Hoje saiu o novo disco dele, "Old Ideas", disponível em streaming na íntegra até não sei quando no site da NPR (com esse áudio, ao qual cheguei via blog da Cosac Naify, está sendo um bom dia para trabalhar).

Hoje também começou a pré-venda do primeiro romance dele, "A Brincadeira Favorita" (1963), enfim traduzido no Brasil, por Alexandre Barbosa de Souza. O livro, relato das descobertas amorosas e literárias de um personagem que tem lá suas semelhanças com o próprio Cohen, chega às lojas no dia 1º de março pela Cosac.

Um trecho do romance saiu na Ilustríssima do último fim de semana (disponível para assinantes Folha/UOL).

Mas a melhor descoberta do dia, para mim, foi esse vídeo, via Rogério Ortega no Twitter. Nele aparece um Leonard Cohen de 30 anos, com uma carinha de Dustin Hoffman (aos 30, é claro), em visita à sua Montréal natal, fazendo uma stand up comedy mais sofisticada do que tudo o que nós, que já fomos mais inteligentes, vemos hoje em dia. 

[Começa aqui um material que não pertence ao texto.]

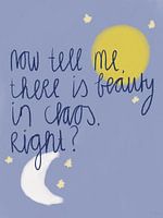 Dit schilderij voelt als een zachte knuffel. De tekst “now tell me, there is beauty in chaos, right?” staat losjes geschreven over een rustige, blauwpaarse achtergrond. Rechtsboven gloeit een warme gele zon, linksonder hangt een witte, dromerige maan. Die combinatie van dag en nacht, licht en donker, chaos en schoonheid maakt het werk…
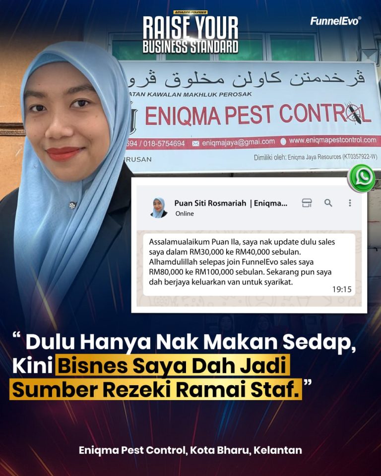 Dari supervisor stesen minyak, kini saya mampu bina Eniqma Pest Control menjadi syarikat pest control yang lebih sistematik dan berkembang. Semuanya bermula dengan keberanian ambil risiko, dan kesungguhan belajar ilmu digital.
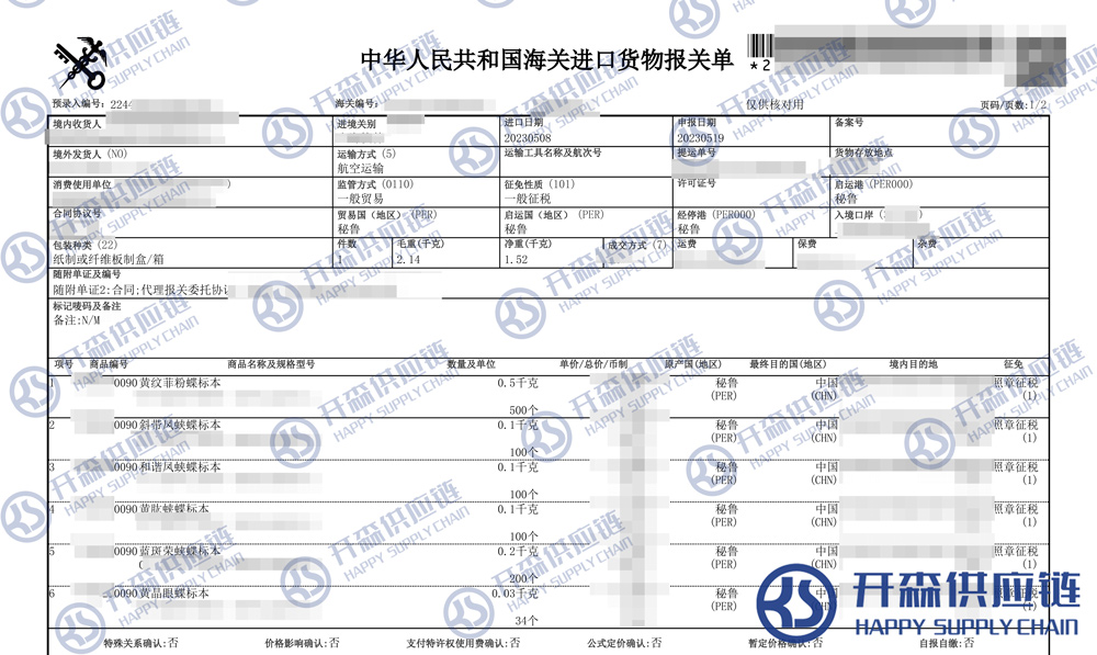 一、秘魯蝴蝶標(biāo)本進(jìn)口報(bào)關(guān)代理案例詳情
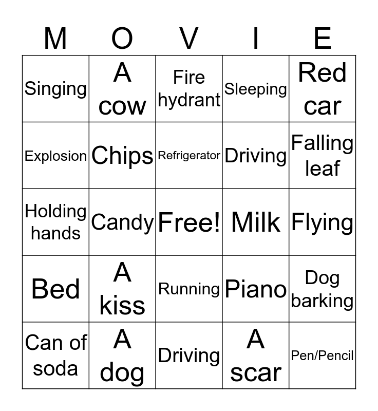 This bingo card has a free space and 24 words: A kiss, A dog, Refrigerator, Can of soda, Red car, Singing, Explosion, A cow, Milk, Running, Driving, Holding hands, Piano, Dog barking, Chips, A scar, Flying, Fire hydrant, Falling leaf, Candy, Pen/Pencil, Bed, Sleeping and Driving.
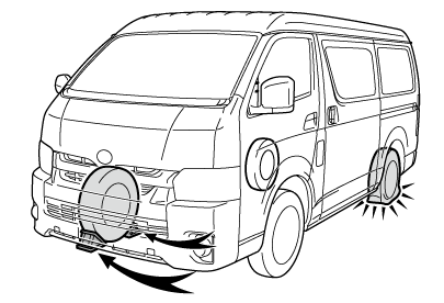 ボデーとスペアタイヤとのあいだに、指などを挟まないように注意してください。
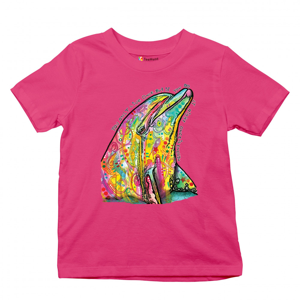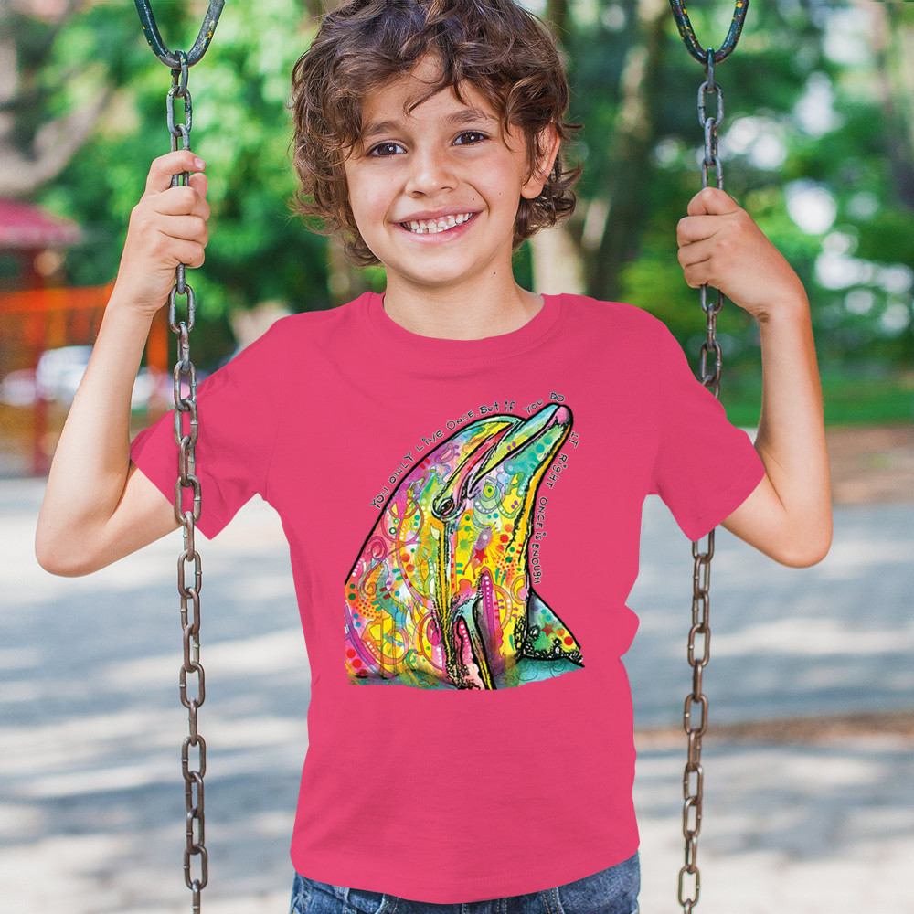 YOU ONLY LIVE ONCE youth t-shirt cute neon dolphin dean russo yolo kids pink
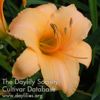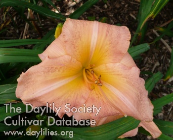 | Description : peach overlaid rose polychrome with gold green throat | |
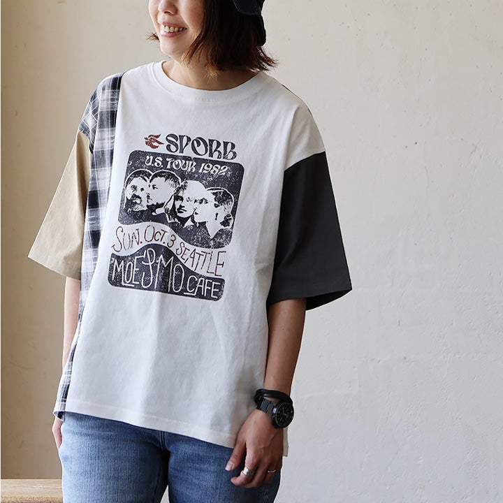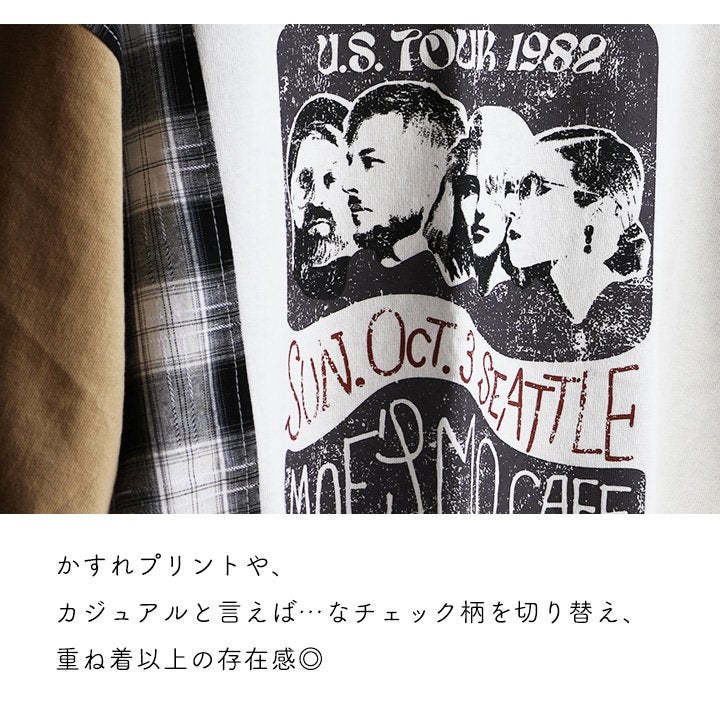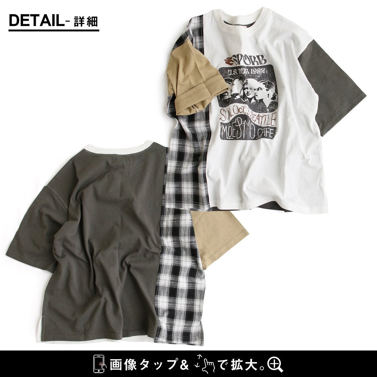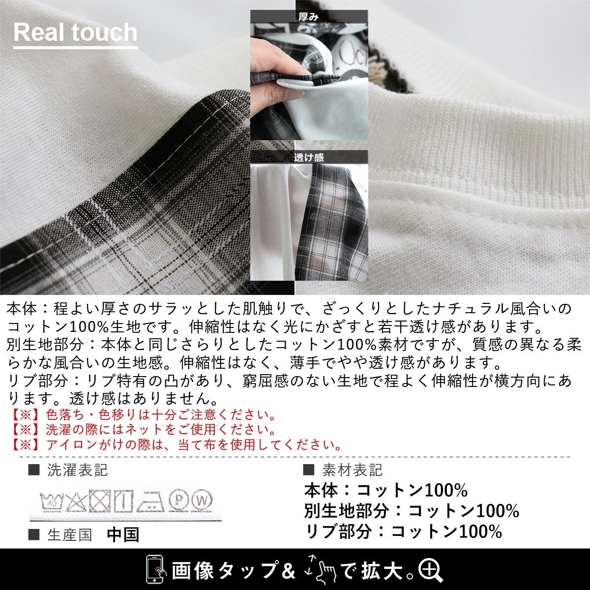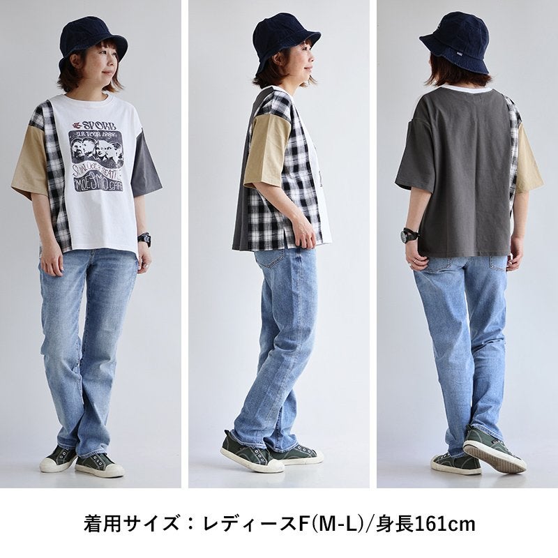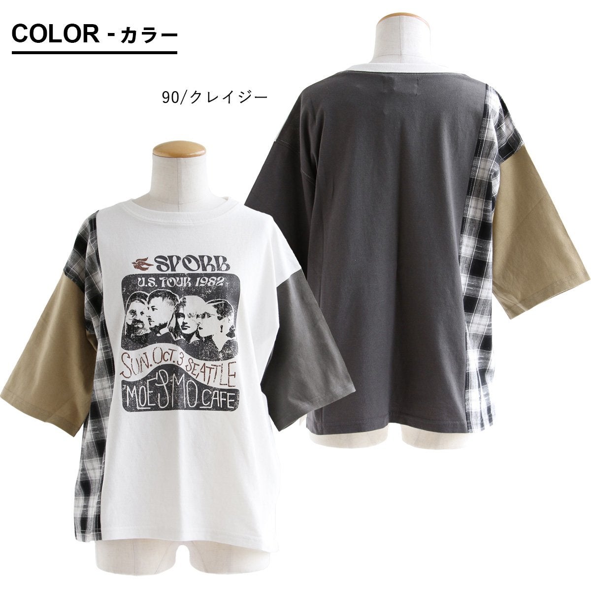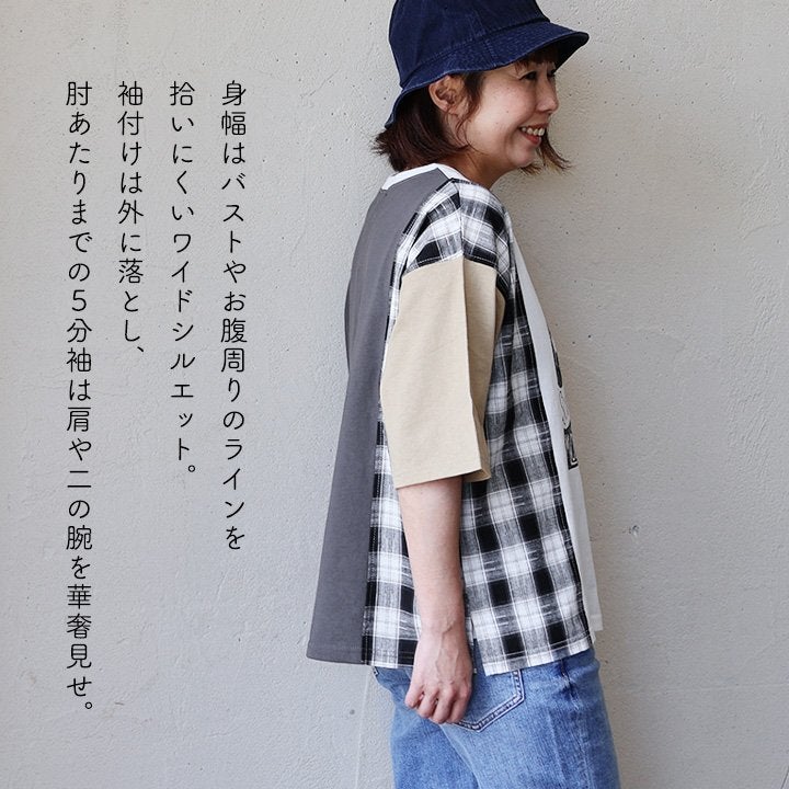 このくらいガッツリな「リメイクTシャツが欲しかった!」 【メール便50】 Tシャツ バンドT 5分袖 レディース クルーネック リメイク 配色 チェック柄 プリント 綿100% コットン 天竺 16番手 タフ 大きいサイズ ゆったり 体型カバー カジュアル 夏 夏服 パティ

O vídeo, em inglês sem legendas, tem 44 minutos. E ainda estou brigando com a internet para assistir a ele na íntegra, mas tem muito mais do que Cohen fazendo graça. Ele lendo seus escritos, inclusive. Afinal, como conta o narrador do documentário, Cohen, àquela altura com quatro livros já publicados, "não é originalmente um comediante de stand up, mas um romancista, um poeta e um jovem homem muito confiante". 

A música? A música viria só dois anos depois, em 1966.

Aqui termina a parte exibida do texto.